EXERCISE :: Quote the lines of the data below verbatim, beginning at the line that contains "This paper examines" and ending at the last line, both included, and excluding pictures.

DATA PROVIDED ::
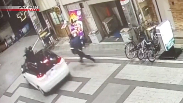 The incident occurred on Wednesday along a shopping arcade about 300 meters from Kishiwada Station in Kishiwada City. An officer noticed a white car driving along the arcade at around 5:30 p.m., a time of the day when traffic is banned.
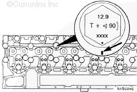 轉(zhuǎn)動(dòng)螺栓直到在缸蓋上做的標(biāo)記進(jìn)入螺栓頭的“窗口”中。
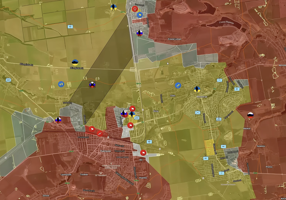 Theo các đoạn video đã được xác thực, quân Nga đã tiến sâu vào khu trung tâm và phía đông nam Pokrovsk, đặc biệt dọc phố Berezina và tuyến đường M30. Một số blogger quân sự Nga còn khẳng định lực lượng này đã kiểm soát được khu đông bắc Pokrovsk và khu vực gần làng Kotlyne.
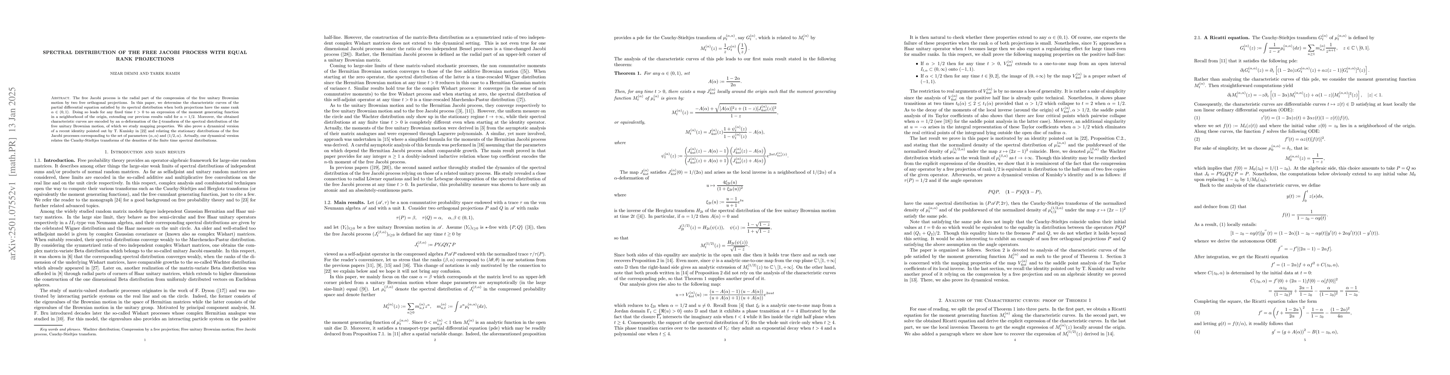 This paper examines the spectral distribution of the free Jacobi process under equal rank projections, deriving the characteristic curves of its associated partial differential equation. It extends moment generating functions and studies the $\alpha$-deformed $\xi$-transform, proving a dynamical identity relating different sets of parameters.
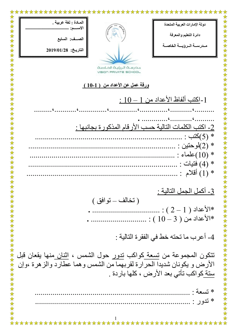 مدونة تعلم ورقة عمل درس العدد والمعدود في اللغة العربية الصف السابع الفصل الثاني

RESPONSE BELOW ::
 This paper examines the spectral distribution of the free Jacobi process under equal rank projections, deriving the characteristic curves of its associated partial differential equation. It extends moment generating functions and studies the $\alpha$-deformed $\xi$-transform, proving a dynamical identity relating different sets of parameters.
 مدونة تعلم ورقة عمل درس العدد والمعدود في اللغة العربية الصف السابع الفصل الثاني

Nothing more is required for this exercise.